I would like an assistance for the following matter:
Say I have the following features where MainCat is the main category, SubCat1 is a subcategory of MainCat and SubCat2 is subcategory of SubCat1 (i.e. there is nested / hierarchical nature in the predictors).
MainCat | SubCat1 | SubCat2 | y (outcome) |
---|---|---|---|
A | A1 | A11 | 2 |
A | A1 | A12 | 1 |
A | A2 | A21 | 3 |
A | A2 | A22 | 3 |
B | B1 | B11 | 9 |
B | B1 | B12 | 17 |
B | B2 | B21 | 3 |
B | B2 | B22 | 35 |
How should i go about using these three predictors to estimate the value of y?

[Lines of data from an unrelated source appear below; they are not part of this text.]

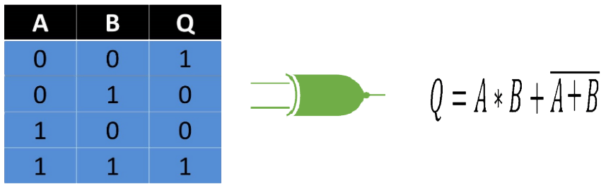 Este posee el mismo funcionamiento que la compuerta X-OR solo que funciona de forma invertida por lo que si las entradas son iguales la salida dará un estado binario de 1, por lo que si las entradas son diferentes el estado binario de salida será 0.
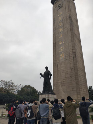 离开烈士就义群雕,全体同学来到了雨花台烈士纪念碑。雨花台烈士纪念碑高42.3米,寓意1949年4月23日南京解放,碑前立有一尊5米多高以“宁死不屈”为主题的革命志士青铜塑像。面对雨花台烈士纪念碑,各位同学重温入党誓词,更加坚定了为共产主义事业奋斗终身、随时准备为党和人民牺牲一切的的信念。
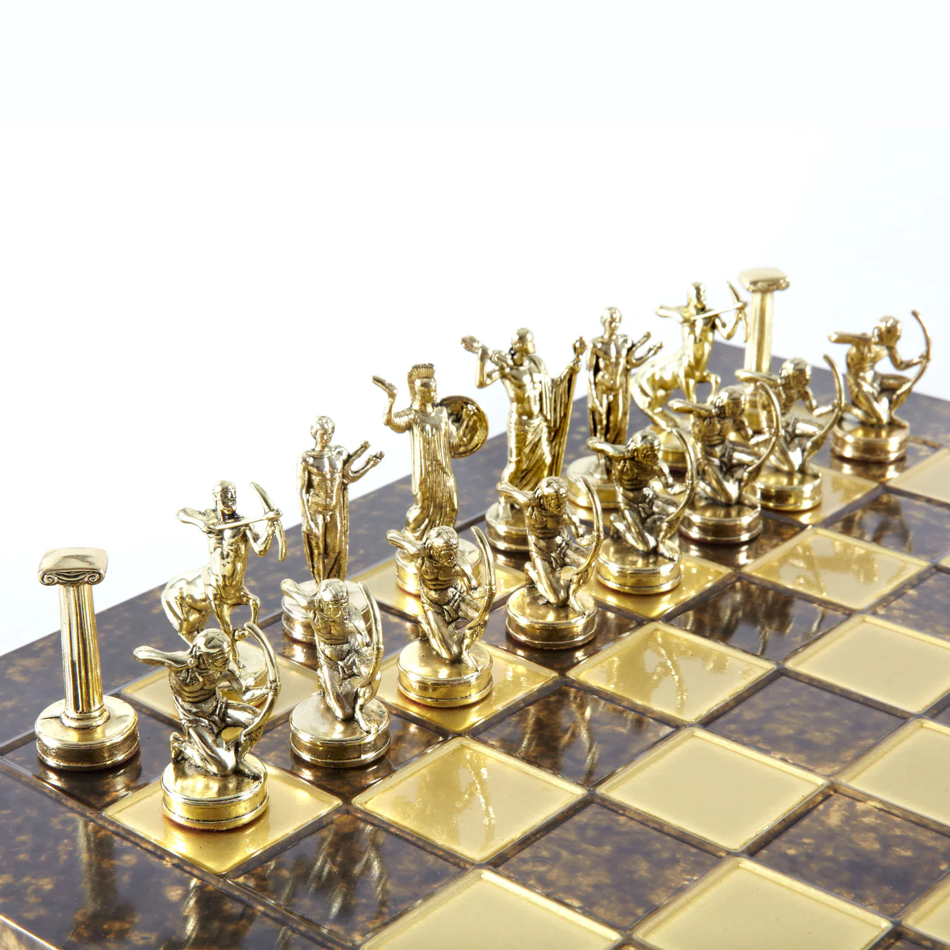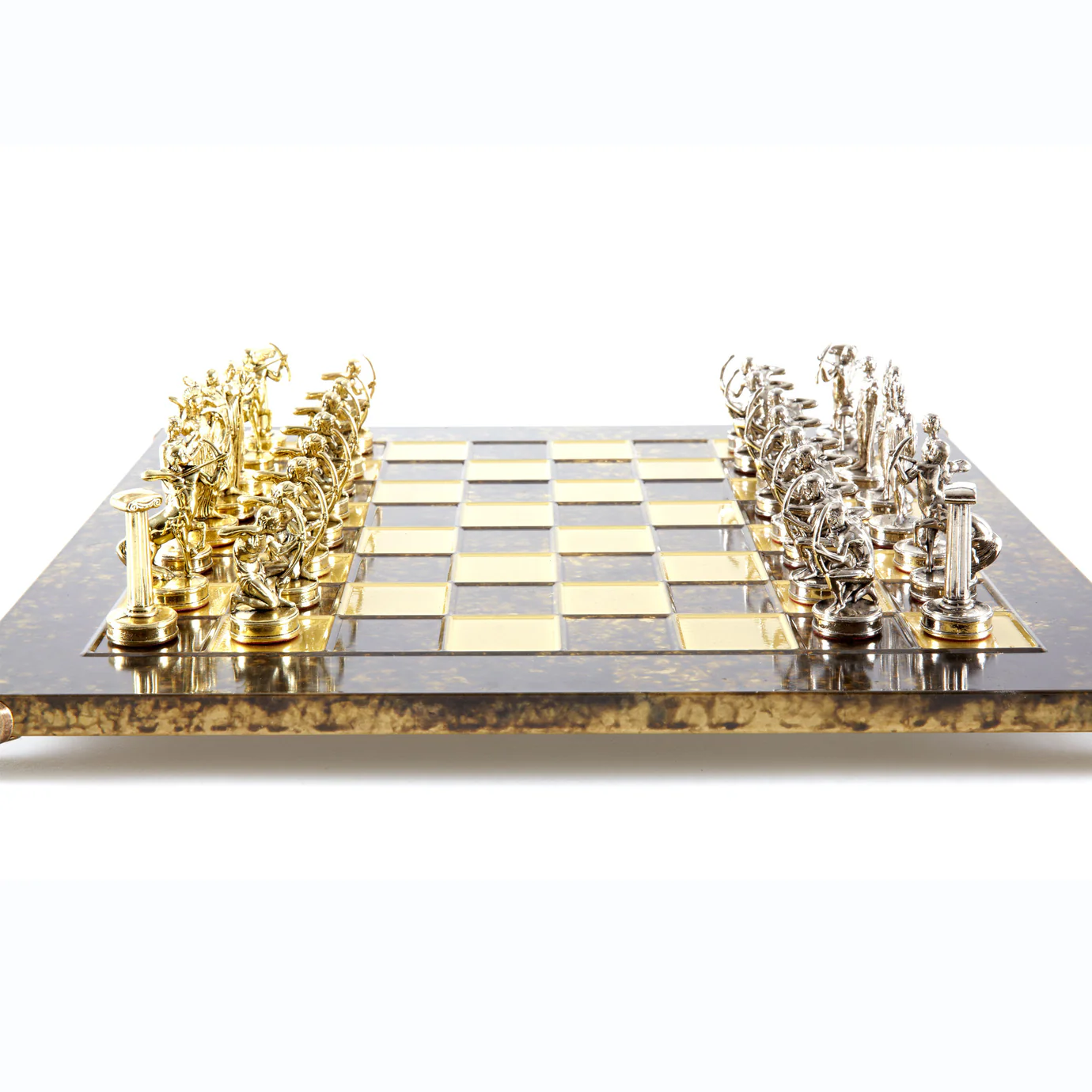 Hercules chess set with gold/silver chessmen and brown/bronze chess board 36 x 36cm
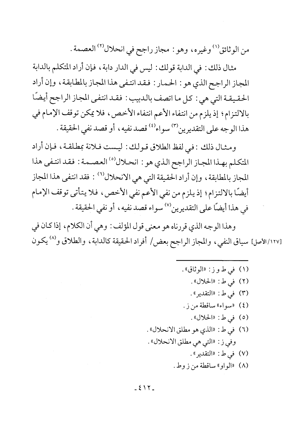 ومثال ذلك: في لفظ الطلاق قولك: ليست فلانة بمطلقة، فإن أراد المتكلم بهذا المجاز الراجح الذي هو: انحلال (¬5) العصمة: فقد انتفى هذا المجاز بالمطابقة، وإن أراد الحقيقة التي هي الانحلال (¬6): فقد انتفى هذا المجاز أيضًا بالالتزام؛ إذ يلزم من نفي الأعم نفي الأخص، فلا يتأتى توقف الإمام في هذا أيضًا على التقديرين (¬7) سواء قصد نفيه، أو نفي الحقيقة.
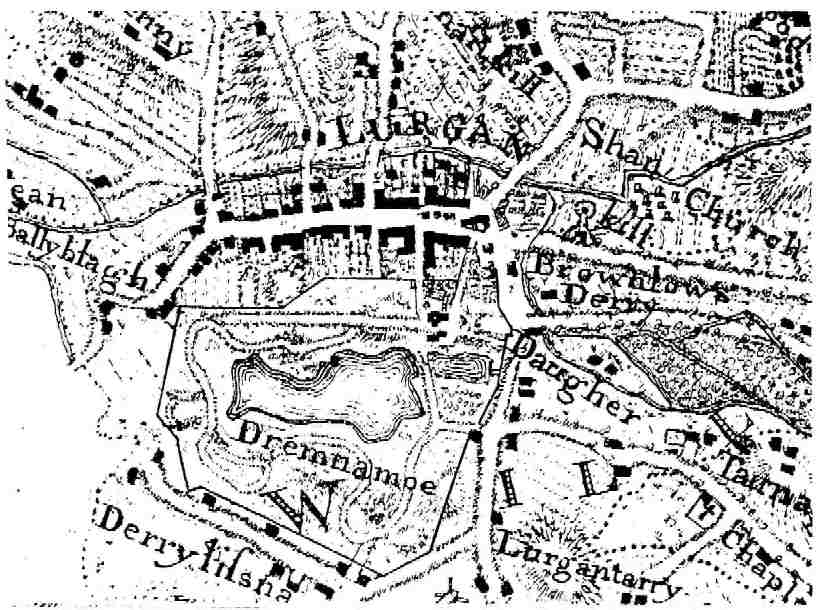 The final illustration is of Lurgan, enlarged to about 3.5" to the mile (Eng). It connects me and my experience with John Rocque's time. The lettering runs from South to North. The straight track between the town and the lake is still there now, with its ends joined by a curved circuit next the lake. A short-cut from near the South end of the straight presently links it to the iron bridge and culvert by the lake corner.

Using them independently does not seem right as this hierarchy between them will not be taken into consideration. Are there model which can handle this type of relationship out of the box (e.g. tree based models?)
Another option would use only the third column which has the more fine information but wouldnt this miss the hierarchical nature of such a relationship?
A third option would be to encode them using a hierarchical model such as the one describe in the TMWR book 17 Encoding Categorical Data | Tidy Modeling with R . I am not sure if such kind of models can handle two or three deep hierarchical structures or if the recipe step available can do so.
Any help would be much appreciated, thanks!